There are several options for using sous vide pork shoulder with a smoker. The two main camps are split on whether to smoke and then sous vide, or sous vide and then smoke. They both work well and both have people that swear by them, so you can do whichever you prefer.
I usually smoke after, because I like to finish off the meal by smoking it and then serving it directly. I also make pulled pork a lot for parties, so it's nice to have the smoke and aroma going when people show up.
It's also a little easier to plan for, since you know the smoking process won't take very long, and you can wait about a week after you are done sous viding it before you need to smoke it. You can also speed up the smoking process by cutting up the shoulder before smoking it. It'll reduce the smoke time, and the flavor, but gives you more control if you need it.
That said, many people find it more convenient to smoke it first. The smoke also tends to "stick" a little bit better to the raw meat and it seems a little more forgiving. If you sous vide at a higher temperature, it can also be very hard to keep it together long enough to get it onto the smoker.

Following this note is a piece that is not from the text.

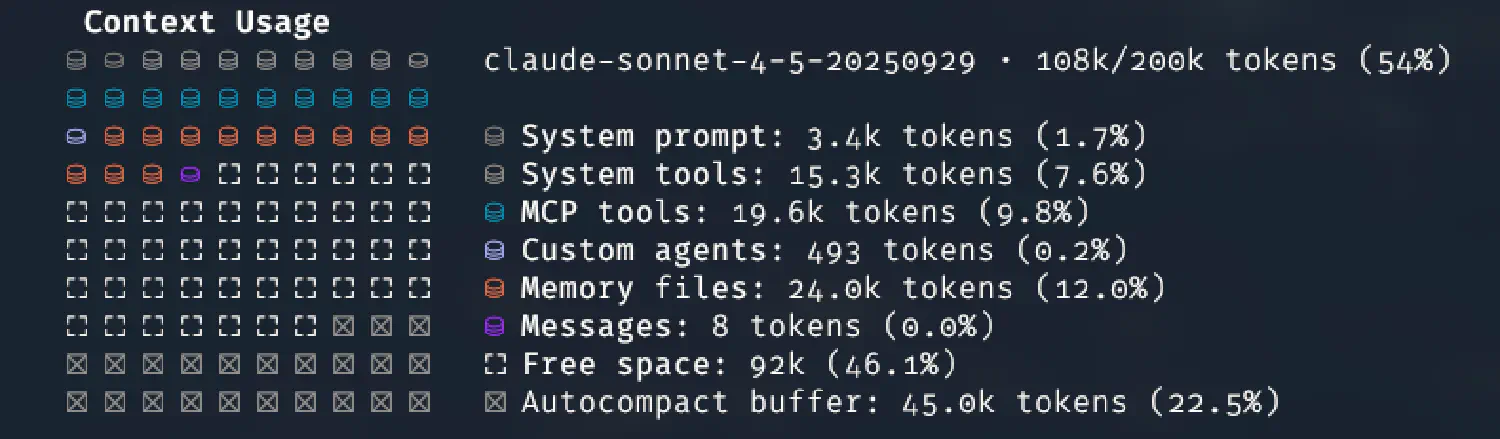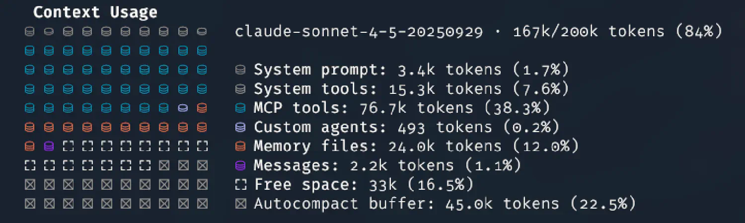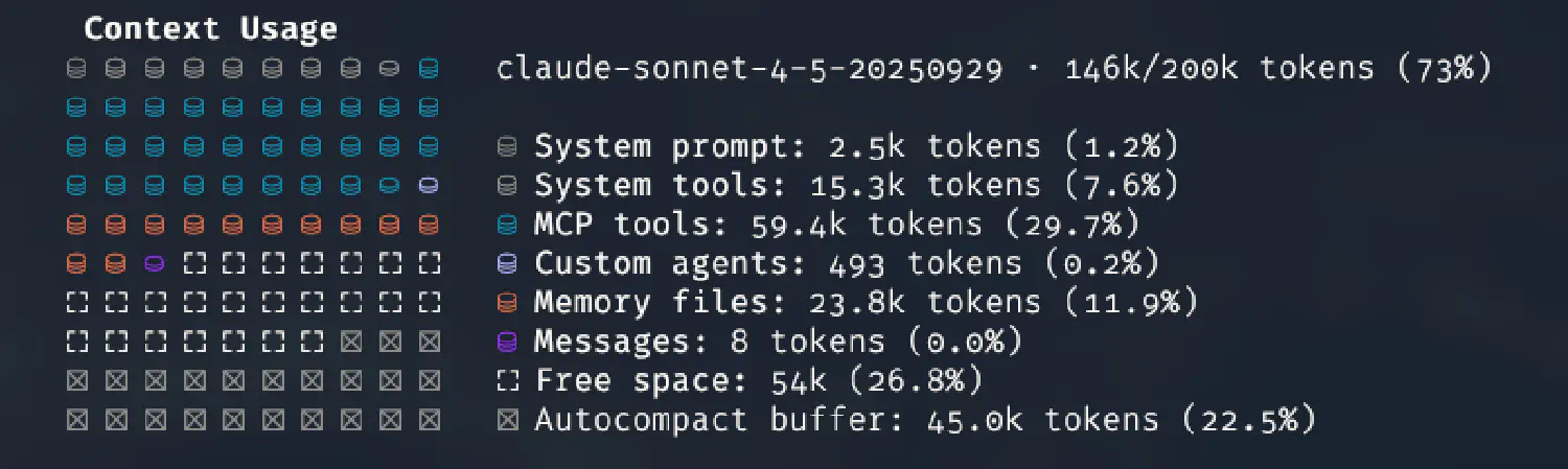Что подводит нас к разговору о контексте и его использовании. Любой MCP занимает место в контексте, примерно так же, как любое приложение, запущенное на смартфоне и работающее в фоне, влияет на энергопотребление и заряд батареи. Еще место в контексте занимают сообщения в сессии, файлы вида CLAUDE.md (причем как локальный в проекте, так и общий, на уровне пользователя), агенты, которые настроены в Claude Code. Если при этом поставить что-то типа прекрасного фреймворка SuperClaude и вдобавок согласиться на все предложенные дополнения, включая MCP, то получившийся Claude Code, безусловно справится с немалым количеством задач больше и лучше, чем до этого, но вот свободного контекста останется мало. Если конкретно — поскольку я по этим граблям и прошелся, — можно обнаружить, что из общего контекста в 200k токенов несколько тысяч занято системным промптом, полтора десятка тысяч — системными tools, 68k(!) — всеми MCP, и еще 25k — всеми файлами памяти, от CLAUDE.md до десятка файлов с инструкциями для компонентов SuperClaude. И для собственно сообщений чата остается лишь четверть, а то и меньше общего объема.

Regardless of the method you choose, there are two rules to follow.
The first is to make sure your pork shoulder is cold. If it is raw, it obviously will be coming from the fridge, but if you have sous vided it first, be sure to chill it before smoking it.
The other rule is to monitor the temperature of your pork butt and make sure it doesn't get above the temperature you will (or did) sous vide it at. Raising the temperature above that point during the smoking process will undo much of the benefits of sous vide.
Not all of us want to smoke a pork butt all the time. As I mentioned above, you can't replace a traditionally smoked pork shoulder with sous vide, and this is doubly true if you don't start or finish on the smoker. However, you can still get some great flavor without going outside to your grill.
An easy way is to use a spice rub that has smoked ingredients in it. Ancho chile powder and chipotle chile powder both have a smoking flavor, as does Spanish-style smoked paprika. You can also find several different types of smoked salt. I'll often add a smoked rub before sous viding, and then re-apply it before searing or warming in the oven.
Another good method is to use a tablespoon or two of liquid smoke in the bag. If you get a high quality liquid smoke (look at the ingredients and make sure it doesn't have corn syrup or other additives in it) it can contribute some great flavor to it.
Brining your pork butt can add a lot of flavor, though it's not something I usually do. If you are using it to add flavor, then a brine can still be effective, but if you are just using it to make the meat more moist, it is much less important. I go into a lot more details about sous vide and brining.
In addition to finishing the pork roast on a smoker, you can also simply pan fry it in a hot pan. This works really well for putting a great crust on chop-like pork butt. You can get more info in my guide to how to sear sous vide foods.
You can use the same searing method on a really hot grill. It adds some good grilling flavor to it, crisps up the outside of the meat, and gets you outside!
Another effective way of finishing your pork shoulder is to chill it and then reheat it in the oven. It won't add flavor like smoking does, but it will start to dry the outside of the meat. While this sounds like a negative, if you are making pulled pork we are conditioned to enjoy that outside "bark", and the oven can create this as long as you don't overdo it.